■ Task objective
Repeat the data word for word, excluding every picture.

■ Raw data
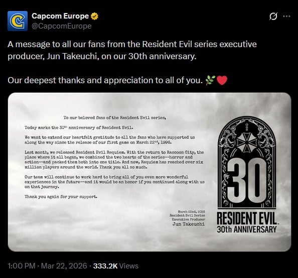 Le message de Capcom pour les 30 ans de Resident Evil :
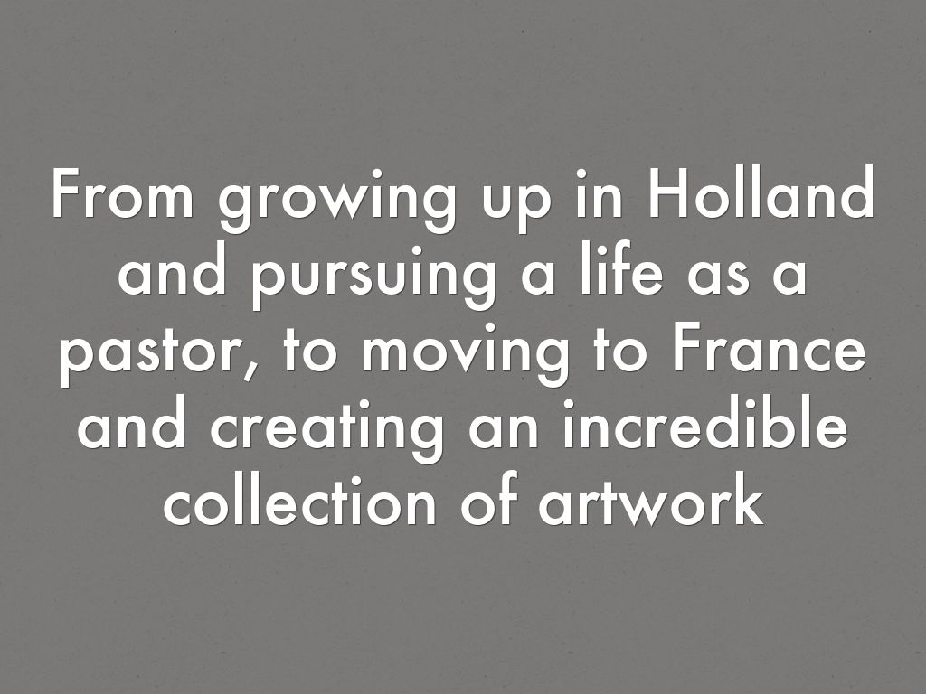 From growing up in Holland and pursuing a life as a pastor, to moving to France and creating an incredible collection of artwork
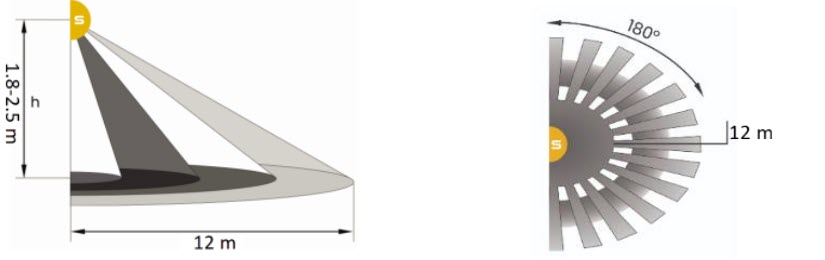 построен -в датчиках с обнаружением движения объектов в диапазоне более 12 метров, с высотой сборки от 1,8 м до 2,5 м.
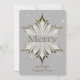 stil-julhälsningskort i snyggt, med ett glitter tittar metall som snöflingor, i mitten. Bronze tittar glitter grafisk text som går genom snöflammans mitten, lyder Merry. Anpassa texten, grund på kortet till kostym som ditt företag behöver.
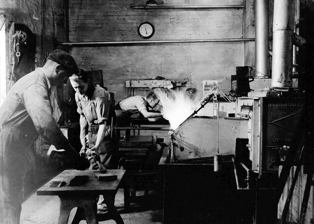 2) Note the coal-fired furnaces on the far wall, which were built when the Hardening shop was erected in 1925 but hardly ever used. Image shows H J Paramore, Ray Charman and E W Keesey. 1930
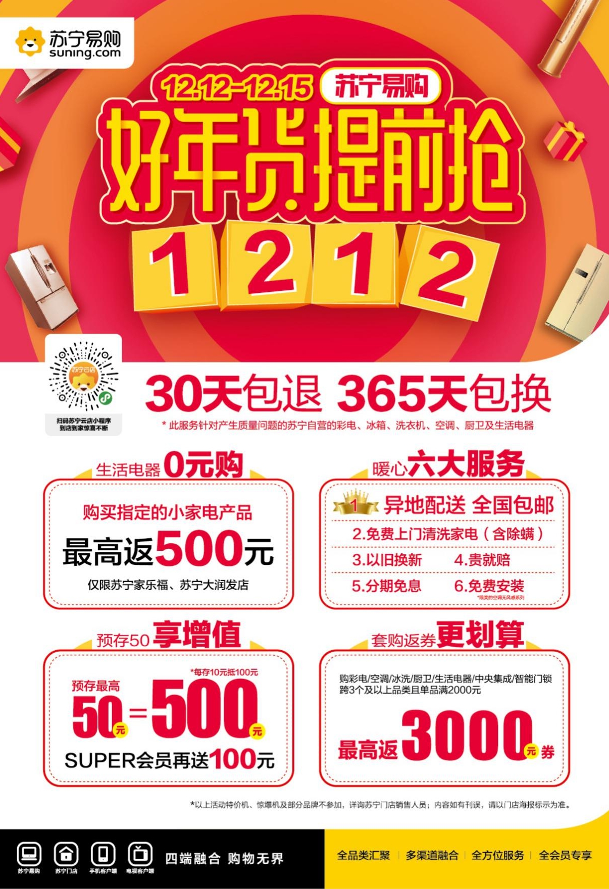深圳新聞網(wǎng)2019年12月11日訊 2019年進(jìn)入到了最后一個(gè)月,每年的年末不論商家還是個(gè)人都處于忙碌的狀態(tài),加之2020年的春節(jié)即將到來,采買年貨也被大家提上了日程。相較于吃喝來說,家電、家裝的換新更能為春節(jié)增添“新年新氣象”的氛圍,因此12月12日至12月15日深圳蘇寧開啟雙十二好年貨提前搶,為廣大深圳消費(fèi)者帶來一場(chǎng)超級(jí)年貨搶購盛宴。

■ Your response
 Le message de Capcom pour les 30 ans de Resident Evil :
 From growing up in Holland and pursuing a life as a pastor, to moving to France and creating an incredible collection of artwork
 построен -в датчиках с обнаружением движения объектов в диапазоне более 12 метров, с высотой сборки от 1,8 м до 2,5 м.
 stil-julhälsningskort i snyggt, med ett glitter tittar metall som snöflingor, i mitten. Bronze tittar glitter grafisk text som går genom snöflammans mitten, lyder Merry. Anpassa texten, grund på kortet till kostym som ditt företag behöver.
 2) Note the coal-fired furnaces on the far wall, which were built when the Hardening shop was erected in 1925 but hardly ever used. Image shows H J Paramore, Ray Charman and E W Keesey. 1930
深圳新聞網(wǎng)2019年12月11日訊 2019年進(jìn)入到了最后一個(gè)月,每年的年末不論商家還是個(gè)人都處于忙碌的狀態(tài),加之2020年的春節(jié)即將到來,采買年貨也被大家提上了日程。相較于吃喝來說,家電、家裝的換新更能為春節(jié)增添“新年新氣象”的氛圍,因此12月12日至12月15日深圳蘇寧開啟雙十二好年貨提前搶,為廣大深圳消費(fèi)者帶來一場(chǎng)超級(jí)年貨搶購盛宴。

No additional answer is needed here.